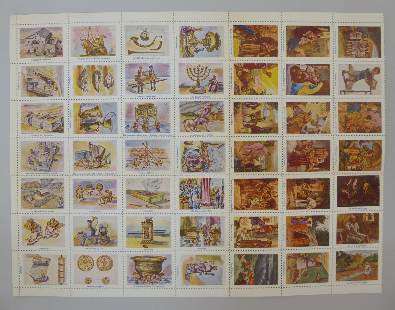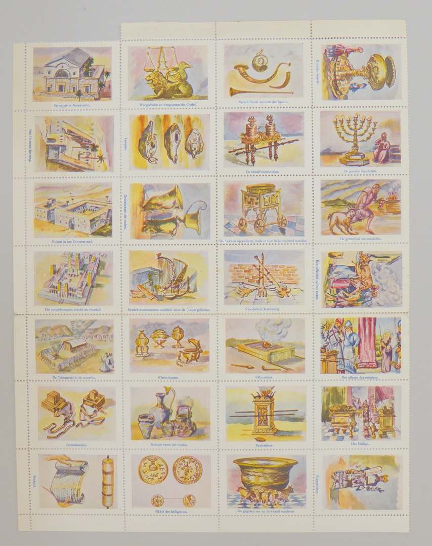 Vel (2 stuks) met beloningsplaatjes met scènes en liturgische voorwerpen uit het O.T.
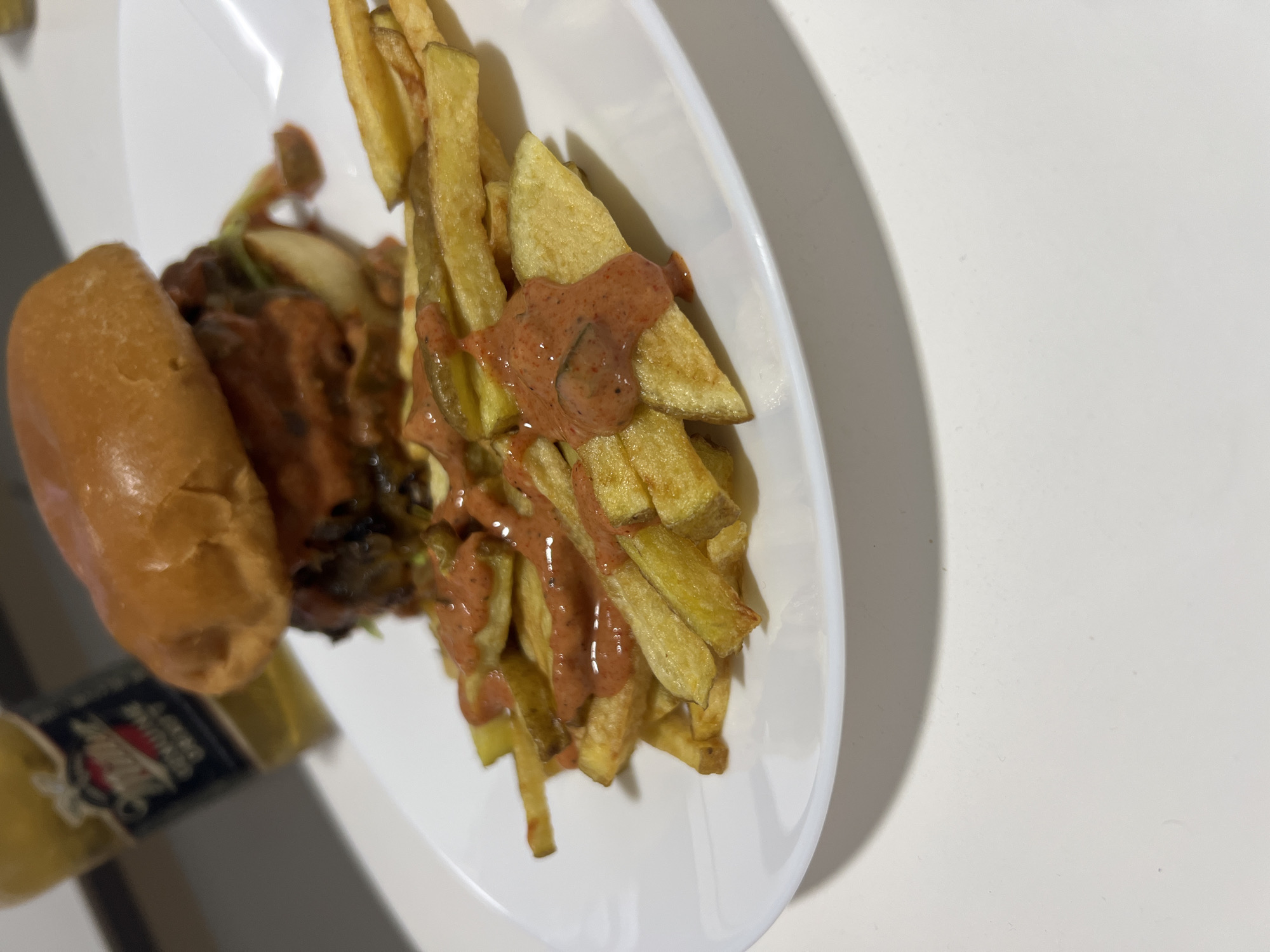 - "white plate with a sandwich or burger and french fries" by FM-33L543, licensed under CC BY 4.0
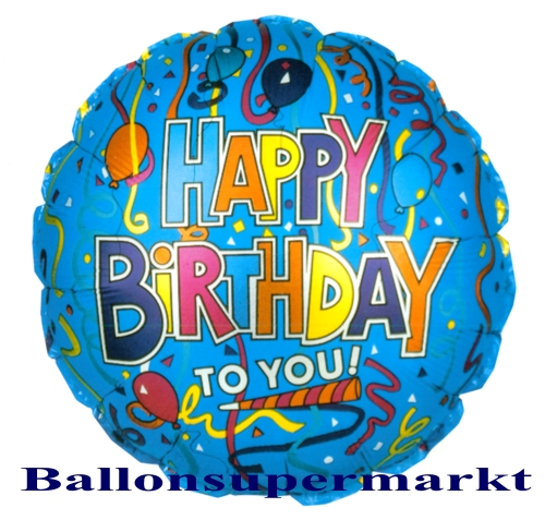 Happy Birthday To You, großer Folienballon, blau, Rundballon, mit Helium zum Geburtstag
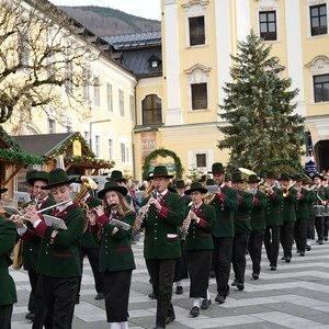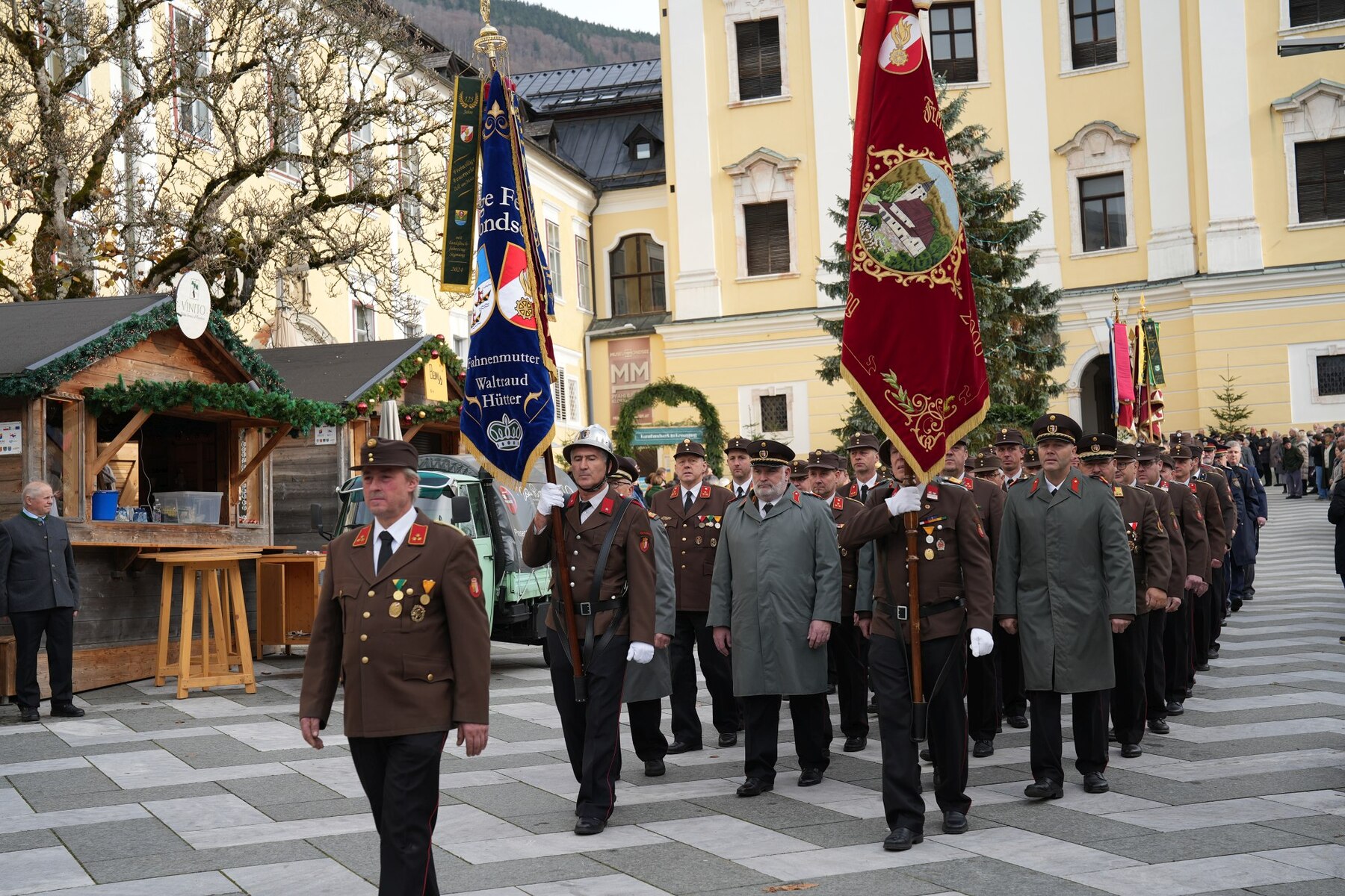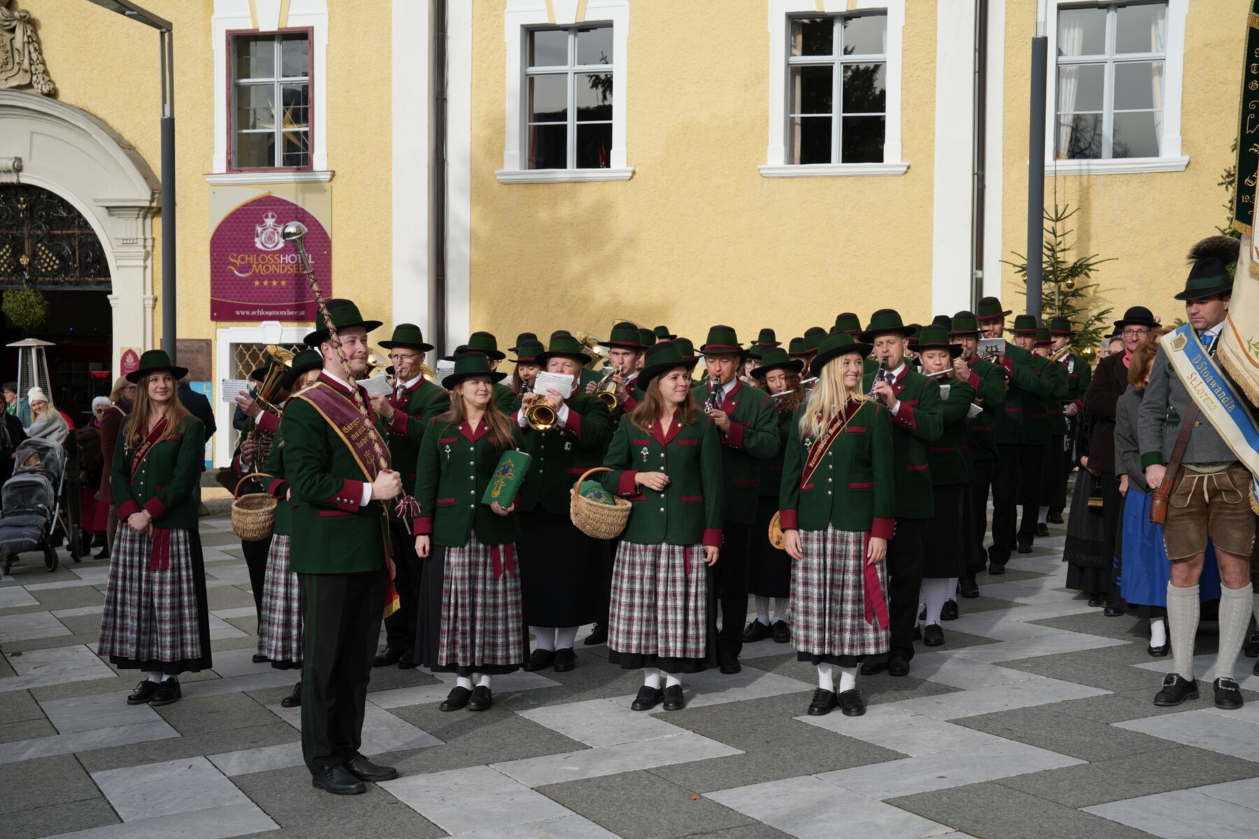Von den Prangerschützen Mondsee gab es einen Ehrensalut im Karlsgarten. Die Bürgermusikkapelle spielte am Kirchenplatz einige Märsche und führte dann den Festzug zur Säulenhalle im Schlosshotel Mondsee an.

--

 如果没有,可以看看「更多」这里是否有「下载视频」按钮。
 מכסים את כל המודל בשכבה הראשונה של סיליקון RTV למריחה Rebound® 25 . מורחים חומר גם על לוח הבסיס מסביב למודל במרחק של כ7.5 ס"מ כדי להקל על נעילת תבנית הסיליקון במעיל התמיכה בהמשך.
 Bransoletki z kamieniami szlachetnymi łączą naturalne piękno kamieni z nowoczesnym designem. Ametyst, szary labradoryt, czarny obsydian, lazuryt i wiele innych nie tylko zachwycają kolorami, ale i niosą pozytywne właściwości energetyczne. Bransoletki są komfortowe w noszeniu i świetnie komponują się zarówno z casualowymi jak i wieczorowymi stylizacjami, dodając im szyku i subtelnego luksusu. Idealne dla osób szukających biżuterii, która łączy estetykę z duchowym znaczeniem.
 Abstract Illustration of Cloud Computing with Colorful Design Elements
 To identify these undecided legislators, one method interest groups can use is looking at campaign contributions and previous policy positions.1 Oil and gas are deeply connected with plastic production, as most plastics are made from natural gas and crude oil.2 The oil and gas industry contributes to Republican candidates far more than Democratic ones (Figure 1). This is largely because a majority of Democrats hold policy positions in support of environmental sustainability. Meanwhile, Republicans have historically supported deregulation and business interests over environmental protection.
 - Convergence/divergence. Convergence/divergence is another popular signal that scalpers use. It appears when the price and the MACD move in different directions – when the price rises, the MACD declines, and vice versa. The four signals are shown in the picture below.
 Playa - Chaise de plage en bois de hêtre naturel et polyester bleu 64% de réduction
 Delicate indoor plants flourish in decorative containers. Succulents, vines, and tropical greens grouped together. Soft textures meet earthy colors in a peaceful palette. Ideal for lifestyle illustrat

...

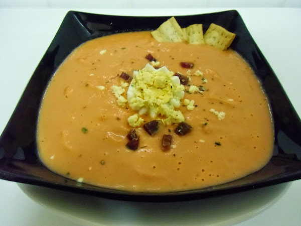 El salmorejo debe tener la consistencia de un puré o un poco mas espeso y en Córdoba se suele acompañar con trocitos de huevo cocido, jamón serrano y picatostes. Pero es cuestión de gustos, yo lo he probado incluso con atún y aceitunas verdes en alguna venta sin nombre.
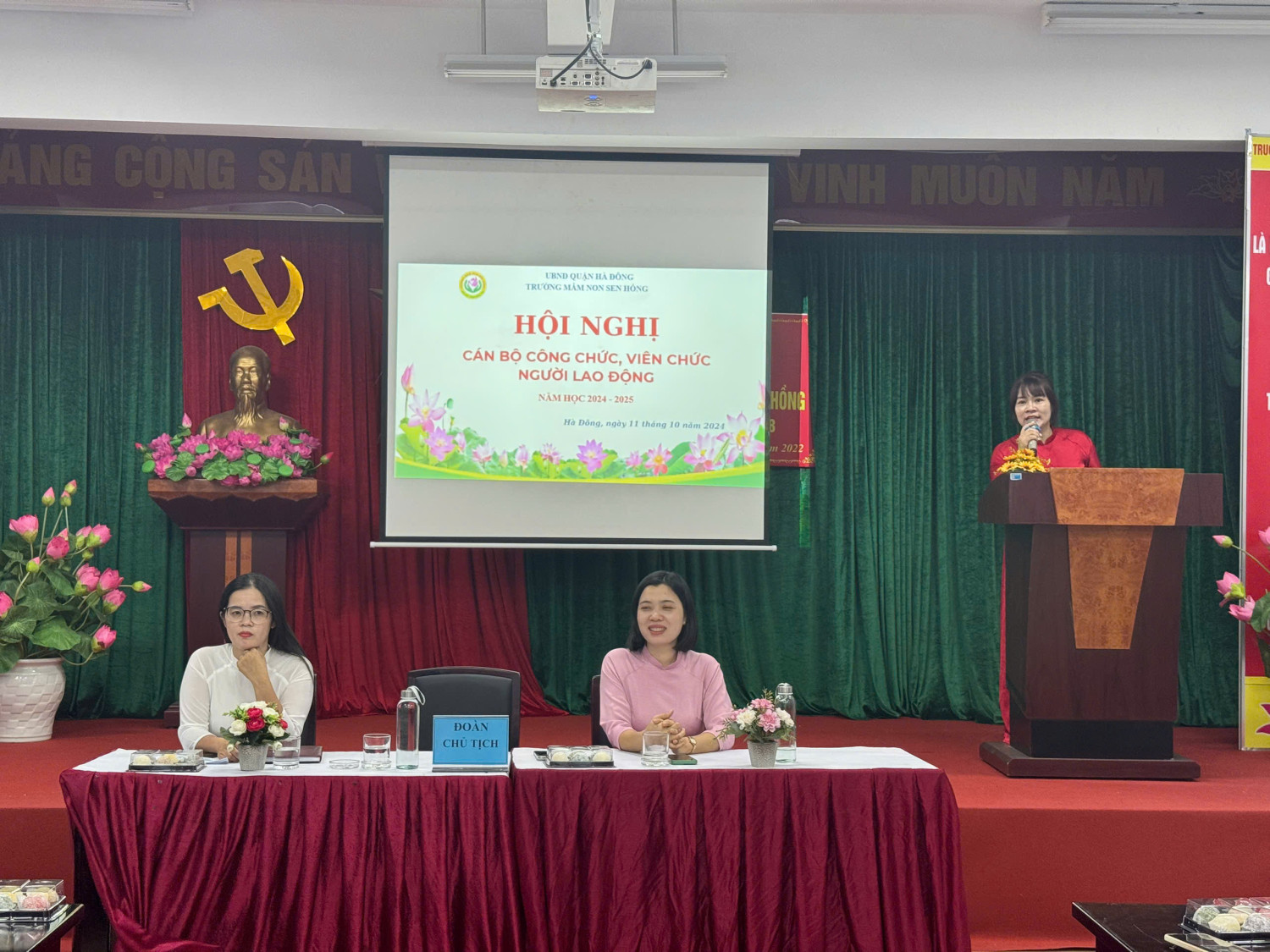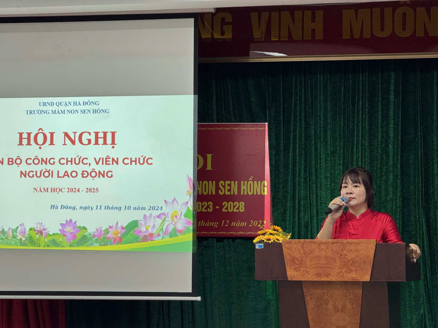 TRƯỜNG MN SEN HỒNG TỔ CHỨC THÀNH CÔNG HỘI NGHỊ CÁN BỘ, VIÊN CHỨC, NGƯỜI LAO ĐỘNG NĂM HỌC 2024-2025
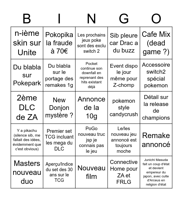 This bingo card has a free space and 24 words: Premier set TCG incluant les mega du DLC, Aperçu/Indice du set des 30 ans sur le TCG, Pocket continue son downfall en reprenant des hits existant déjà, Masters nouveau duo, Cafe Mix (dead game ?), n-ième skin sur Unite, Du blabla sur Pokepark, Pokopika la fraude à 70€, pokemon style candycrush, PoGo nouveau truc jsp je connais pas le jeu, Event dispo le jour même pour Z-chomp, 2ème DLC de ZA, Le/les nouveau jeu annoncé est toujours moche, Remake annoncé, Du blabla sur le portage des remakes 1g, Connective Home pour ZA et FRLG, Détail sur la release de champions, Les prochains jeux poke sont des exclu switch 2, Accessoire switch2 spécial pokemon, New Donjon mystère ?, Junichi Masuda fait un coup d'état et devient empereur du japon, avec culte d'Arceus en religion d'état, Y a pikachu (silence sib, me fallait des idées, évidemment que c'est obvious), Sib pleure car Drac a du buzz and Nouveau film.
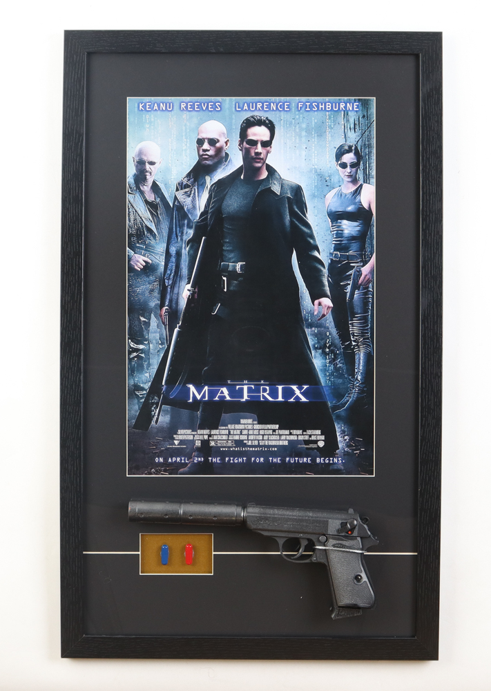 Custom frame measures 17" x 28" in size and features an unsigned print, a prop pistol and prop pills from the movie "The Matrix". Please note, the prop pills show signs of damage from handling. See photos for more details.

▶ **Assigned task**: For the lines above, output exactly those from the line containing "- Convergence/divergence. Convergence/divergence" through the line containing "Delicate indoor plants", and skip the others.

▶ **Answer to the exercise**:
 - Convergence/divergence. Convergence/divergence is another popular signal that scalpers use. It appears when the price and the MACD move in different directions – when the price rises, the MACD declines, and vice versa. The four signals are shown in the picture below.
 Playa - Chaise de plage en bois de hêtre naturel et polyester bleu 64% de réduction
 Delicate indoor plants flourish in decorative containers. Succulents, vines, and tropical greens grouped together. Soft textures meet earthy colors in a peaceful palette. Ideal for lifestyle illustrat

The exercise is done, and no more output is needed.